Differentiable Simulation for Accelerated Learning of Vision-Based Quadrotor Control

Johannes Heeg

University of Stuttgart

Thursday, April 24, 2025, 11:00 - Friday, April 25, 2025, 11:59

SR 01-012

Reinforcement Learning (RL) has become a cornerstone of robotics research, enabling the development of powerful, end-to-end controllers through large-scale simulation. Neural network policies trained with RL have achieved impressive performance across a variety of robotic tasks by integrating diverse input modalities and directly optimizing task-level objectives. However, this flexibility often comes at the cost of poor sample efficiency, resulting in training times that span hours or even days.

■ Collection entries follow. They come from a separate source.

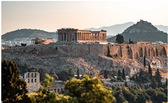
Climb to the apex of the Acropolis, perched on a hill overlooking Athens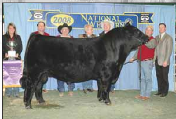
DHVO Deuce 132R, sire of Lot 3B & 3C.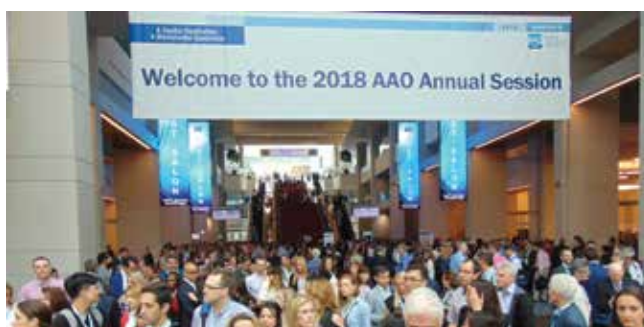
The Walter E. Washington Convention Center is filled with orthodontic professionals Saturday morning, at the beginning of the 2018 AAO Annual Session.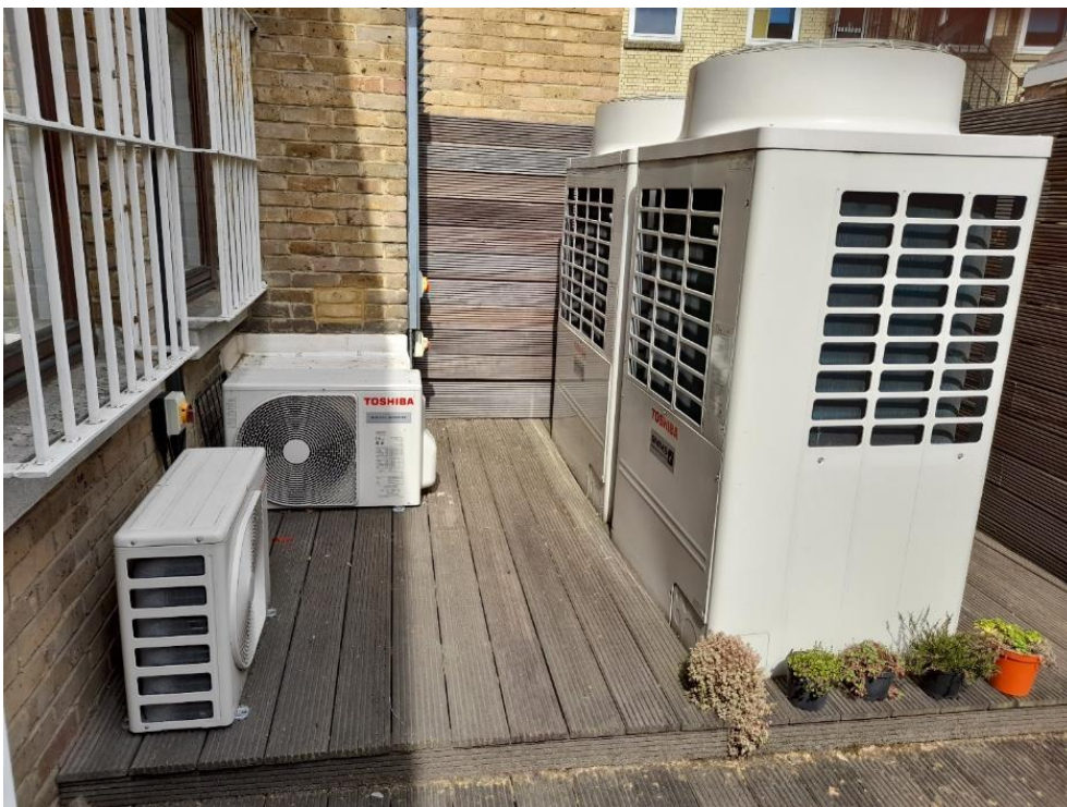
Examples of external units for ASHP comprising of three smaller 3kW units and two larger 10kW units.

AASHPs require the installation of external units which look like air conditioning modules in well ventilated external locations. These external units will need an electricity supply and pipework running from them to the heating system. They will also need a drain nearby as the back of the units can build up moisture, which condenses and sometimes freezes on the coils. The larger units do create some low-level noise and therefore the location and baffling of the units may need to be considered carefully.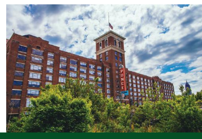
The Flats at Ponce City Market, LEED Multifamily Mid-Rise - Gold

Differentiable simulation offers a promising alternative by enabling the computation of analytical policy gradients, thereby significantly improving sample efficiency. In this talk, I present the application of learning in differentiable simulation to vision-based quadrotor control—a setting that involves unstable dynamics, the need to compute gradients of complex, realistic dynamics, and nonlinear observation mappings. I will discuss the key challenges of this approach and outline the resulting design choices for reward shaping, gradient computation, and controller pre-training. Finally, I will demonstrate how differentiable simulation accelerates training compared to model-free RL, and present results from real-world experiments.